Destarte, a situação prevista na alínea b) só se verifica quando, de forma absoluta, a sentença não:
- Discriminar os factos que considera provados e não provados;
- Fundamentar a decisão de facto;
- Indicar, interpretar e aplicar as normas jurídicas correspondentes.

Não se verifica quando:
- A enunciação dos factos (art.º 607º, n.º 3 do CPC) seja deficiente, obscura, contraditória ou incompleta, patologias a superar, inclusive de forma oficiosa, nos termos da alínea c) do n.º 2 do art.º 662º, ou padeça de erro de julgamento, situação a superar através da impugnação da decisão de facto, nos termos dos arts.º 640º e 662º, n.º 1 do CPC;
- A motivação da decisão de facto (art.º 607º, n.º 4 do CPC) seja deficiente, no sentido de não estar devidamente fundamentada a decisão proferida sobre algum facto essencial para o julgamento da causa, situação que segue o regime do art.º 662º n.º 2, alínea d) do CPC;
- A fundamentação de direito (art.º 607º, n.º 3 do CPC) seja medíocre, insuficiente, incompleta, não convincente ou contrária à lei, situação em que poderá haver erro de julgamento de direito, que a Relação conhecerá.
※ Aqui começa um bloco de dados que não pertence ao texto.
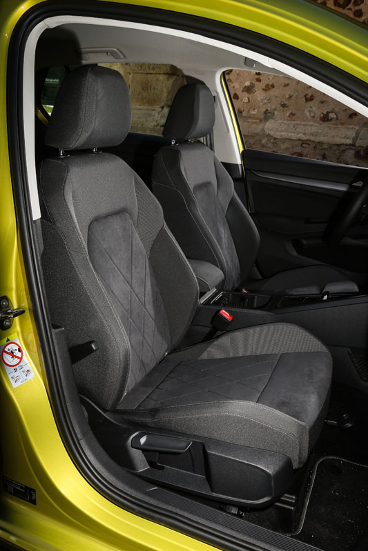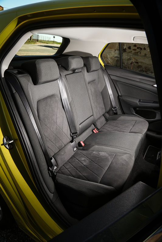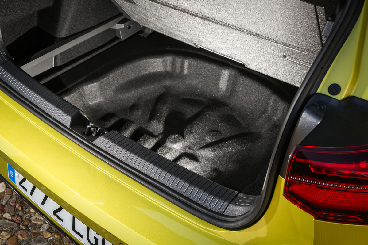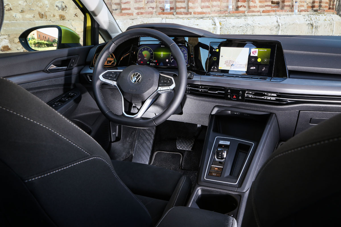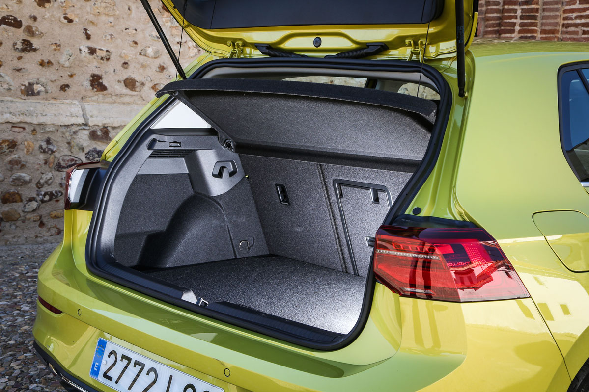 La octava generación del Golf es más larga, pero más estrecha y baja -4,28, 1,79 y 1,46 metros, respectivamente-. Estas nuevas cotas siguen ofreciendo uno de los habitáculos más espaciosos del segmento. Son seis los dedos los que separan mi cabeza de rozar con el techo y otros seis, mis rodillas con el asiento delantero. En medio de la tabla se queda el espacio de carga, que cubica 380 litros, la misma cifra que el modelo previo. No le voy a echar la culpa a la batería del sistema mild hybrid, porque ésta se sitúa debajo del asiento de acompañante y no en el maletero.

A propósito da especificação dos fundamentos de facto e de direito na decisão e utilizando a expressão “motivação” no sentido de “fundamentos de facto e de direito”, expressão que restringimos à justificação da decisão da matéria de facto, afirmava Alberto dos Reis, in CPC Anotado, V, 140: “Há que distinguir cuidadosamente a falta absoluta de motivação, da motivação deficiente, medíocre ou errada. O que a lei considera nulidade é a falta absoluta de motivação; a insuficiência ou mediocridade da motivação é espécie diferente, afecta o valor doutrinal da sentença, sujeita-a ao risco de ser revogada ou alterada em recurso, mas não produz nulidade. Por falta absoluta de motivação deve entender-se a ausência total de fundamentos de direito e de facto. Se a sentença especificar os fundamentos de direito, mas não especificar os fundamentos de facto, ou vice-versa, verifica-se a nulidade”.

Na jurisprudência, que é vasta quanto à questão em apreço, e a título meramente ilustrativo, vd. o Ac. do STJ de 02/03/2021, processo 835/15.0T8LRA.C3.S1, consultável in www.dgsi.pt/jstj: “Só a absoluta falta de fundamentação - e não a errada, incompleta ou insuficiente fundamentação - integra a previsão da nulidade do artigo 615.º, n.º 1, al. b), do Código de Processo Civil”.

Quanto à função da justificação da decisão de facto referem Lebre de Freitas e Isabel Alexandre, in Código de Processo Civil Anotado, vol. 2º, 3ª edição, pág. 707: “A fundamentação [da decisão de facto] passou a exercer, pois, a dupla função de facilitar o reexame da causa pelo tribunal superior e de reforçar o autocontrolo do julgador, sendo um elemento fundamental na transparência da Justiça, inerente ao ato jurisdicional.”

Como é entendimento generalizado, a fundamentação de direito dependerá da complexidade da questão objecto da decisão, do grau e natureza da controvérsia entre as partes e, até, eventualmente, da controvérsia doutrinal e jurisprudencial quanto à mesma.

Como referem Jorge Miranda e Rui Medeiros, in Constituição da República Portuguesa Anotada, Tomo III, Coimbra, 2007, págs. 72 e 73, a fundamentação das decisões judiciais, além de ser expressa, clara, coerente e suficiente, deve também ser adequada à importância e circunstância da decisão. Quer isto dizer que as decisões judiciais, ainda que tenham que ser sempre fundamentadas, podem sê-lo de forma mais ou menos exigente (de acordo com critérios de razoabilidade) consoante o circunstancialismo dessa mesma decisão.

5.3. Em concreto

No caso, a ora recorrente requereu a sua declaração de insolvência e a nomeação para o cargo de Administrador de Insolvência do Sr. Dr. AA.

Neste quadro, cabia ao tribunal a quo apreciar esse requerimento, deferindo-o ou indeferindo-o e justificar a decisão, de forma proporcional à relevância fáctica e jurídica da questão na economia da sentença.

Sucede que, como se deixou exarado no Relatório supra, na sentença recorrida o tribunal limitou-se a nomear outra pessoa para Administrador da Insolvência, assim desatendendo implicitamente a indicação da devedora, sem apresentar qualquer justificação para tal, pelo que se impõe concluir que na parte relativa à alínea b) do decisório a sentença é nula por absoluta falta de fundamentação, o que se declara.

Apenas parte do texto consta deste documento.